## Dataset content

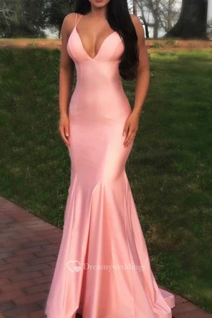 Sexy Satin Mermaid Spaghetti Floor Length Dress with Open Back
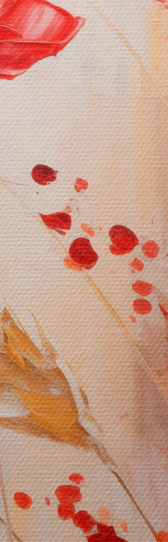 Afbeelding Rode papaverbloemen met gele tarwestengels, tegen een zachte, neutrale achtergrond met spetters rode verf Nr r44926
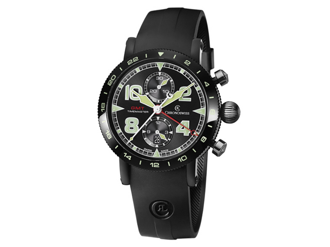 Timemaster Chronograph GMT两地时间计时码表有两款型酷黑色设计表款:首款的不锈钢表壳包围着的黑色表盘装配Super-LumiNova夜光时标及指针,第二款不锈钢表壳经极坚硬黑色类钻碳(DLC)涂层处理;两款设计的表盘佈局清晰易读,表款上的GMT字样及GMT指针以鲜红色点缀,对比非常鲜明。
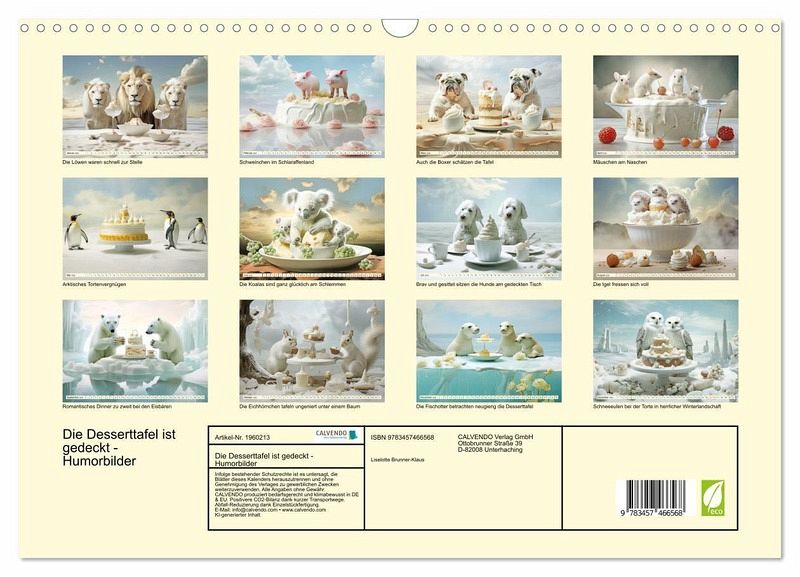 Natürlich ist das süße Naschen nichts für unsere tierischen Mitbewohner auf diesem Planeten, aber Gedanken und Fantasie sind frei. Mit einem Augenzwinkern werden humorvolle Bilder von Tieren, umgeben von köstlichen Leckereien, präsentiert. Ob kunstvoll dekorierte Eistorte, viel Sahne, oder verlockender Kuchen, die Tiere freut es. Eine wunderbare Möglichkeit, das Jahr mit einem Lächeln zu beginnen. Lassen Sie sich von den charmanten Motiven verzaubern und genießen Sie jeden Monat eine neue Überraschung. Diese lustige Idee wurde mit Hilfe der KI umgesetzt.

## Instructions to follow
Without the pictures, write out every line above exactly as it appears.

## Answer to this problem
 Sexy Satin Mermaid Spaghetti Floor Length Dress with Open Back
 Afbeelding Rode papaverbloemen met gele tarwestengels, tegen een zachte, neutrale achtergrond met spetters rode verf Nr r44926
 Timemaster Chronograph GMT两地时间计时码表有两款型酷黑色设计表款:首款的不锈钢表壳包围着的黑色表盘装配Super-LumiNova夜光时标及指针,第二款不锈钢表壳经极坚硬黑色类钻碳(DLC)涂层处理;两款设计的表盘佈局清晰易读,表款上的GMT字样及GMT指针以鲜红色点缀,对比非常鲜明。
 Natürlich ist das süße Naschen nichts für unsere tierischen Mitbewohner auf diesem Planeten, aber Gedanken und Fantasie sind frei. Mit einem Augenzwinkern werden humorvolle Bilder von Tieren, umgeben von köstlichen Leckereien, präsentiert. Ob kunstvoll dekorierte Eistorte, viel Sahne, oder verlockender Kuchen, die Tiere freut es. Eine wunderbare Möglichkeit, das Jahr mit einem Lächeln zu beginnen. Lassen Sie sich von den charmanten Motiven verzaubern und genießen Sie jeden Monat eine neue Überraschung. Diese lustige Idee wurde mit Hilfe der KI umgesetzt.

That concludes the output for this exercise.